Reel sektör için açıklanması beklenen ekonomik paket hakkındaki soruya ise Tanrıverdi, "Bunun parça parça değil, büyük bir paket halinde açıklanması lazım. Geciktirilmiş bazı kararlar var. Örneğin bankaların mevduatları, bankaların dış borçlarına garanti verilmesi gibi. Bu konularda zamanında adım atılsaydı daha farklı olurdu. Şimdi yapılırsa etkisi daha az olur. Ama hala yapılacak çok şey var. Taleplerimizi her platformda dile getiriyoruz IMF ile anlaşılması noktasında, ki hükümet de o noktaya geldi zannediyorum. Önümüzde yerel seçimler var. Şu anda seçimlerden çok ekonomikle ilgili konulara odaklanmamız gerekir. Ödenmekte olan SSK priminin en azından bu dönem içinde yarısının ödenmemesi gerekiyor. Finans kaynaklarında çok ciddi sıkıntılar var.
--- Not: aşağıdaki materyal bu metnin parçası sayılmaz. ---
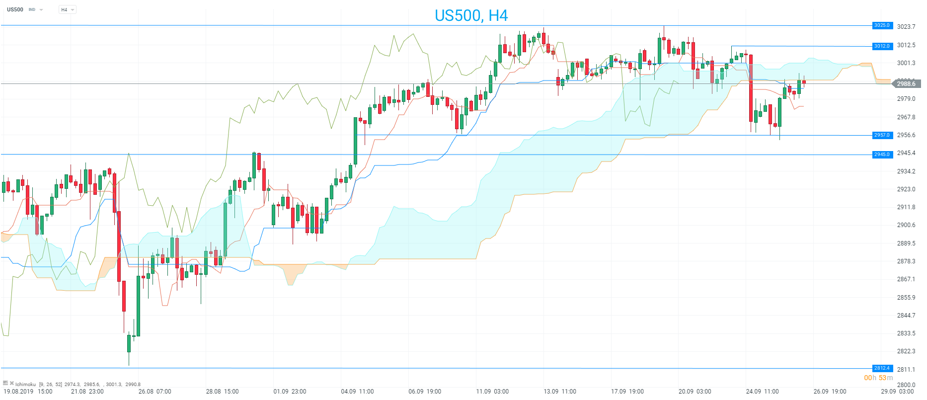 Americké akcie stále zůstávají v širším konsolidačním pásmu, kde se pohybují v posledních týdnech. Cena se nachází pod Ichimoku mrakem na H4 poprvé v tomto měsíci, ale zpožděná linie ještě musí potvrdit průraz. Rezistenci vidíme až k úrovni 3012 bodů a rozmezí 2945 - 2957 by stále mělo hrát roli potenciálního supportu, pokud se index vydá opět na nižší hodnoty. Zdroj: xStation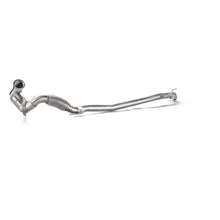 The high-flow downpipe with front link pipe is constructed using high-quality stainless steel and once fitted to Golf R / Audi S3 equipped with either standard or Akrapovi? performance exhaust system, it further enhances the performance figures: both the torque and power outputs. It incorporates a catalytic converter (200 cpsi) which is ECE-compliant. This optional downpipe produces an enhanced sound that delivers a pure racing emotion and fantastic feedback at high revs, without unwanted drone, making it suitable for everyday use.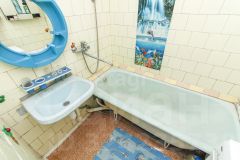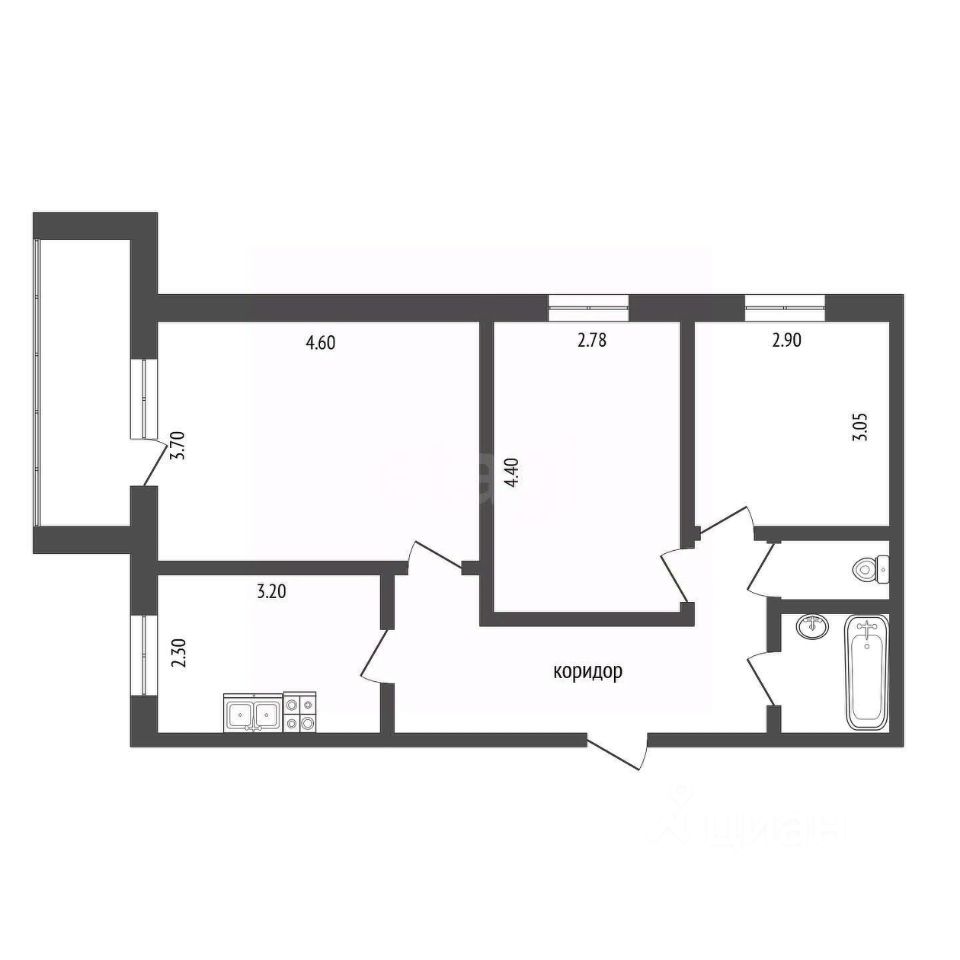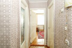 Площадь 61 м2, три комнаты по 17 м2, 12.2 м2, 8.8 м2. Кухня 7.4 м2. Санузел раздельный (1.3 м2, 2.9 м2). Балкон (5.2 м2) просторный, обшит вагонкой, застеклен. Коридор 11.4 м2, можно обустроить зону хранения. Потолки 2,50.

Esas problem nakit akışıdır. İnsanların siparişleri fazla olduğu halde firmalar kapanma tehlikesiyle karşı karşıyadır. Bankaların tutumları da nakit akışını bozmaktadır. Öncelikle bankaların rahatlatılması gerekir ki aynı şekilde sektör de rahatlasın. Bir süre önce Merkez Bankası Başkanı, 'Bizim kaynak sorunumuz yok. IMF'nin parasına muhtaç değiliz' diye bir açıklamada bulundu. Ama bazı talepleri ortaya koyduğumuzda bize 'Kaynak yok' deniyor. Demek ki kaynak sıkıntımız var. Bu kaynakları bir şekilde reel sektöre enjekte etmemiz lazım. Böyle yaparsak krizden çok az şekilde etkileniriz" dedi.
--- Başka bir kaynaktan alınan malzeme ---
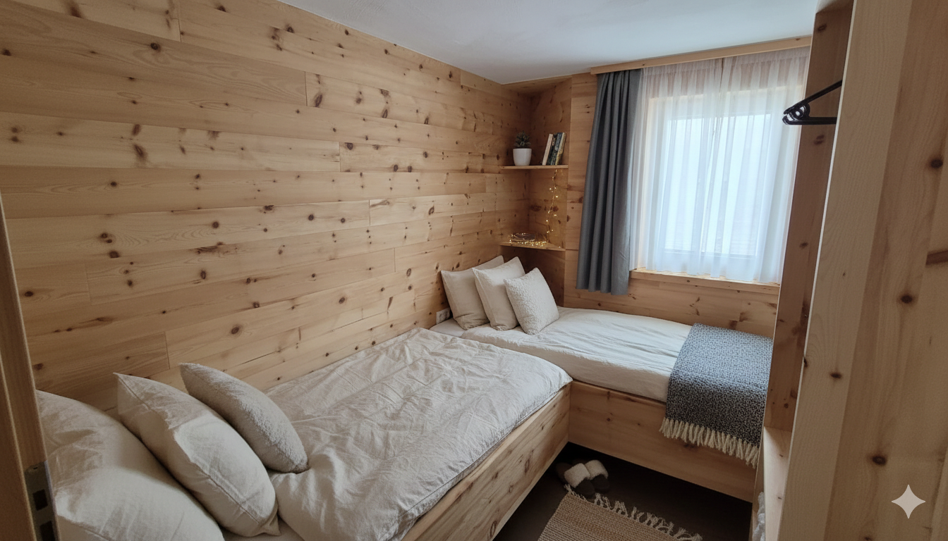 Zirbenholz ist seit jeher für seine besondere, wohltuende Wirkung bekannt: Der warme Duft, die natürliche Maserung und die ruhige Ausstrahlung schaffen eine Atmosphäre, in der man sofort entschleunigt. Die teilweise Zirben-Vollholzverkleidung im Schlafzimmer macht den Raum besonders behaglich und unterstützt ein angenehmes Raumklima – ideal zum Abschalten nach einem aktiven Tag in den Bergen und für erholsame Nächte.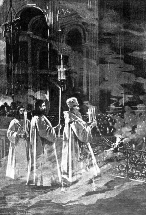 Ни одна лампада, ни одна свеча не теплится по всему храму. Изредка прорвется в полумрачное пространство здания веселый солнечный луч. Задолго до прибытия патриарха уже раздается глухой, едва сдерживаемый ропот толпы, наэлектризованной нетерпеливым ожиданием. Но в эту минуту все смолкает, все замирает. В народной массе ни единый не осмелится теперь открыть рта, пошевелить пальцем. Тишина гробовая.
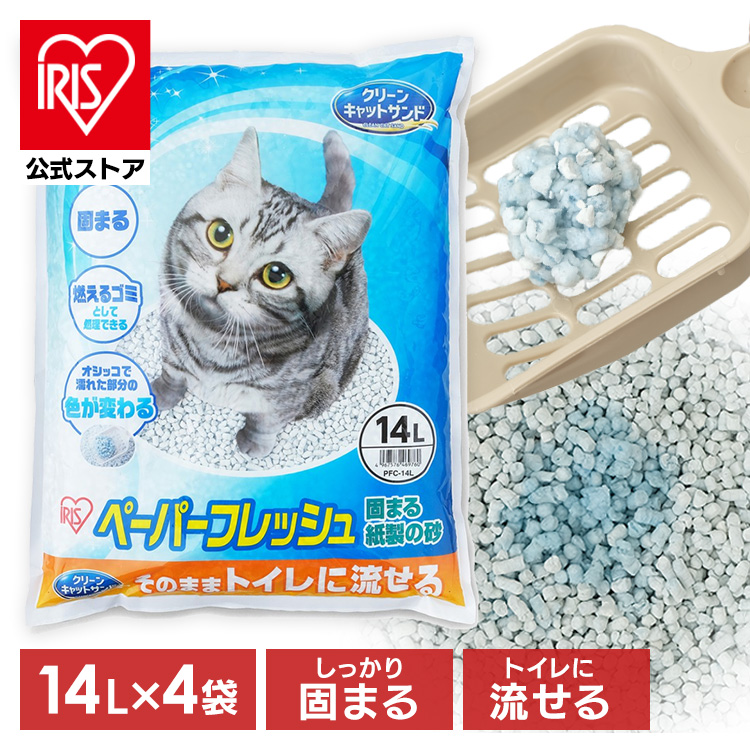 \4個セット/ 猫砂 紙 アイリスオーヤマ ペレット 飛び散り防止トイレに流せる 固まる 流せる再生パルプ セット ネコ砂 14L×4袋 ペーパーフレッシュ PFC-14L
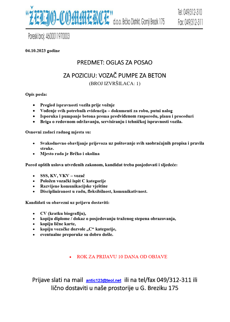 Poslovi 04 Okt,2023 Štampa Poslovi Vozač pumpe za beton Vozač pumpe za beton (1)Željo-commerce dooG Brezik, Brčko Prethodno Sljedeće

"HÜKÜMET, PAKETİ AÇIKLAMAKTA GECİKTİ"
İstanbul Tekstil ve Hammaddeleri İhracatçıları Birliği (İTHİB) Başkanı İsmail Gülle de hükümetin açıklaması beklenen paketin gecikmesiyle herkesin kendine göre bir paket örneği açıkladığını belirtti. Bu paketin reel sektörün sorunlarBırlatılması üzerine, "Baına çözüm getirecek tarzda olması gerektiğini de ifade eden Gülle, özellikle finans sektöründe duyulan rahatsızlığın giderilmesi gerektiğini anlattı. Daha sonra işletmelerin sıkıntılarını çözecek uygulamaların yapılmasını da tavsiye eden Gülle,
"Özellikle enerji fiyatlarını dengelenmesi lazım. İşçilik ve istihdam üzerindeki yüklerin düzenlenmesi lazım" diye konuştu.
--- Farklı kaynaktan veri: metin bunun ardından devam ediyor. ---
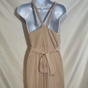 CEREMONY by Joanna August TAN Asymmetrical Slip Tie Waist Dress L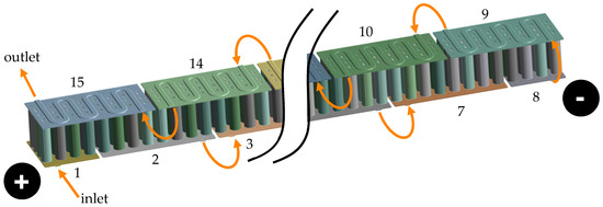 In the first geometry, a cooling channel was placed between each cell. The inlets and outlets of the refrigerant were relocated along the streaming direction, thus making it necessary to have additional mirror-inverted busbars, which can be seen in Figure 7. The distance between the cell rows was set to 2 mm, whereas the distance of the columns was limited to 6 mm due to the distance of the channels to the rectangular hole for the electric cell contacts. The overall channel length of pattern 1 was 8.54 m.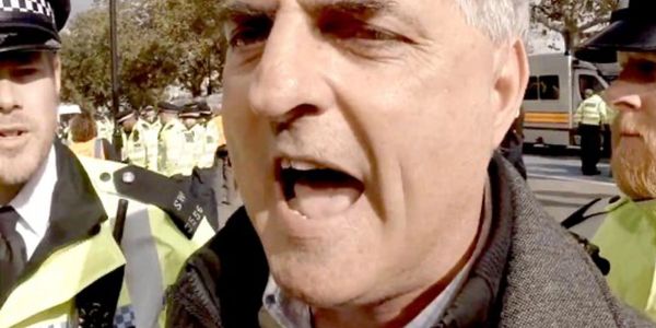 Guy gets moved along by British police as he delivers a piece to camera at the Extinction Rebellion event outside M15 offices in London October 2019. "We don't have to go extinct!"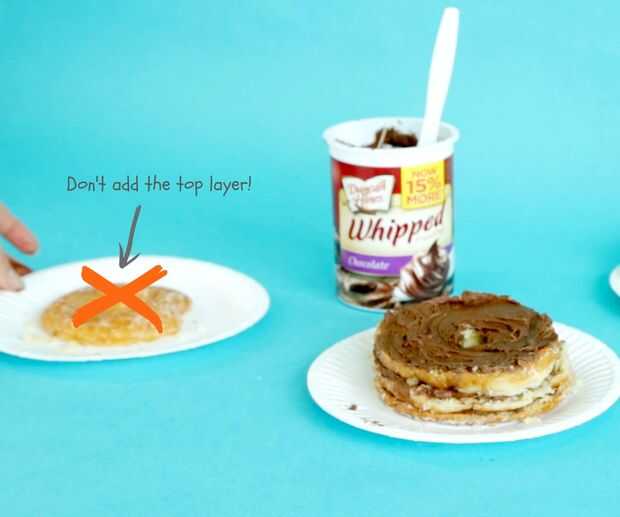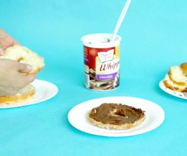 Coloque la rebanada de la parte inferior de la donut no helado, corte lateral, en una de las placas de papel.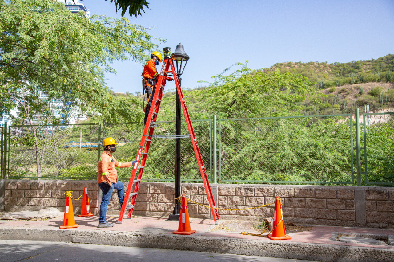 La actividad, que incluyó tareas como la pintura de 22 postes metálicos y la limpieza de luminarias, tuvo por objetivo brindar a samarios y visitantes espacios públicos iluminados y en óptimas condiciones, mejorando así la percepción de seguridad en el marco de la conmemoración de los 496 años de fundación de la ciudad de Santa Marta.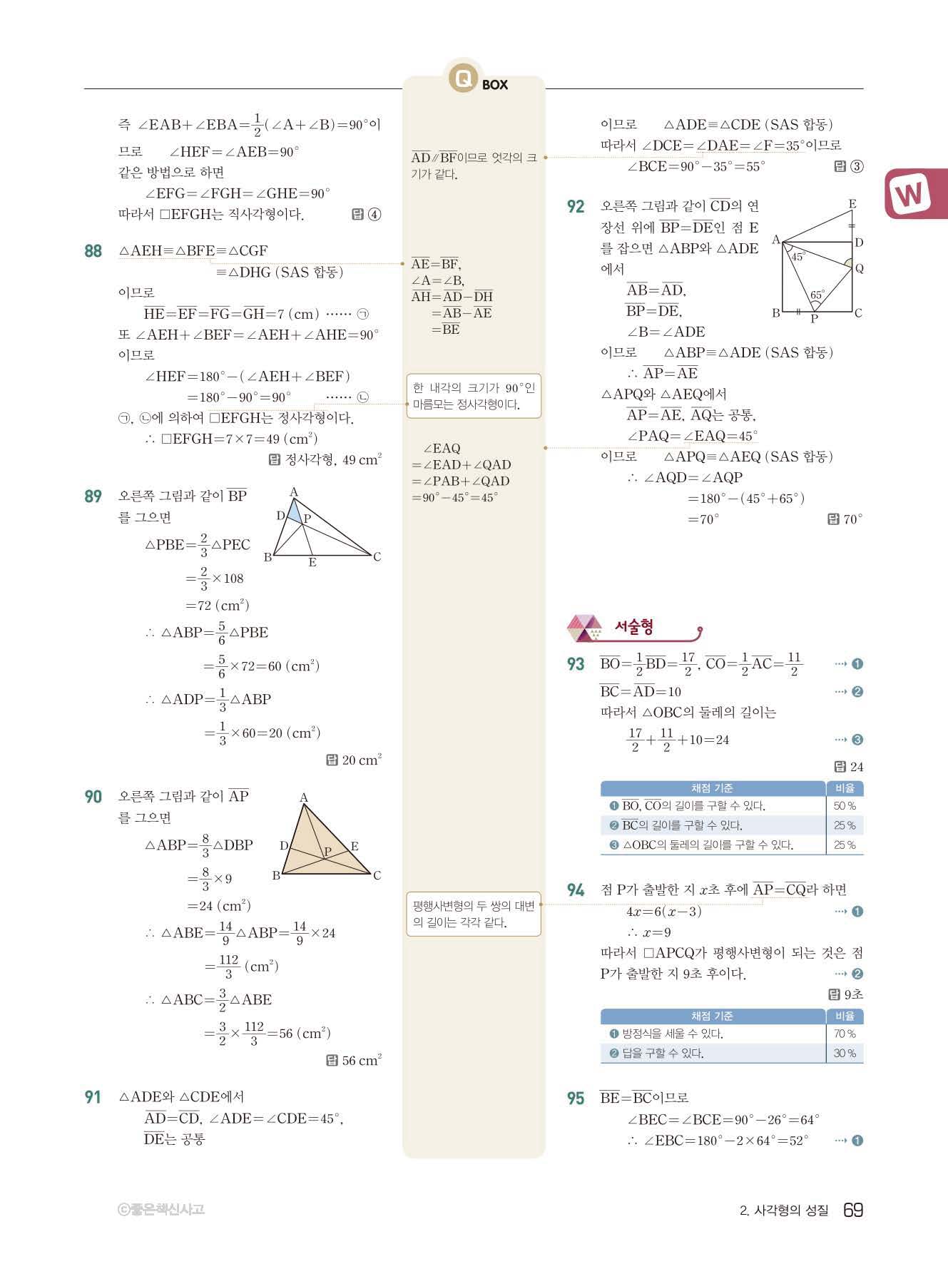 우공비큐 중2하 2-2 답지 해설지 사진답지 빠른답지 모바일최적화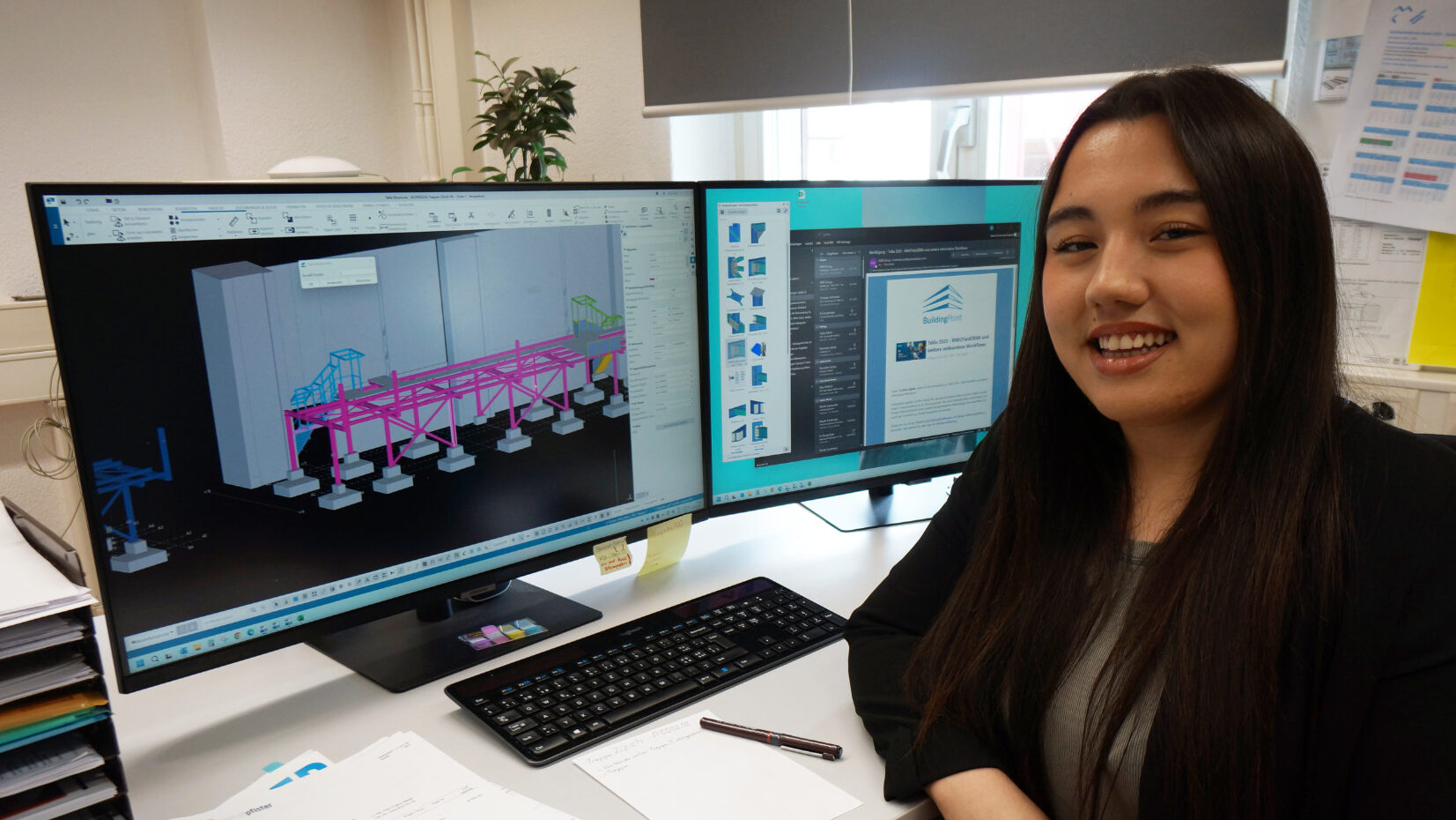 «Schon als Kind wusste ich: Ich will mal Konstrukteurin im Stahlbau werden, da mein Vater auch als Konstrukteur arbeitet und mich schon als Kind auf Baustellen mitnahm. Als Metallbaukonstrukteurin modelliere ich am PC 3D-Stahlbau-Konstruktionen, zum Beispiel Hallen, Treppen, Brücken oder auch mal Geländer. Wir bekommen von den Architekten Pläne, und ich modelliere aus den Daten die Konstruktion für die Produktion und Montage. Am liebsten zeichne ich Montagepläne – da muss man besonders genau sein: Jedes Detail muss stimmen, ich zeichne jedes Schräubchen und jede Schweissnaht. Einen Tag pro Woche gehe ich in die Berufsschule. In unserer Klasse sind wir zu zwölft, davon die Hälfte Frauen – das ist eher ungewöhnlich. Ich habe dort enge Freundschaften geknüpft, eine Mitschülerin ist meine beste Kollegin geworden. In unserer Branche arbeiten vorwiegend Männer.

Gülle, Başbakan Erdoğan'ın açıklaması ile ilgili olarak ise, "Kulağa hoş geliyor. Mühim olan işçi alabilecek direncin ve dayanışmanın olması. Hiç kimse işçi çıkarmak istemez. Özellikle milyar dolar kar eden finans sektörünün işçi çıkardığı bir ortamda kimse çalışanını çıkarmak istemez. Çalışanlara sahip çıkılıp daha fazla istihdam yapmaları sağlanırsa herkes çıkarmayacağı gibi, daha fazla işçi alır. İş yokken de kimse üstüne o yükü alamaz" ifadelerini kullandı.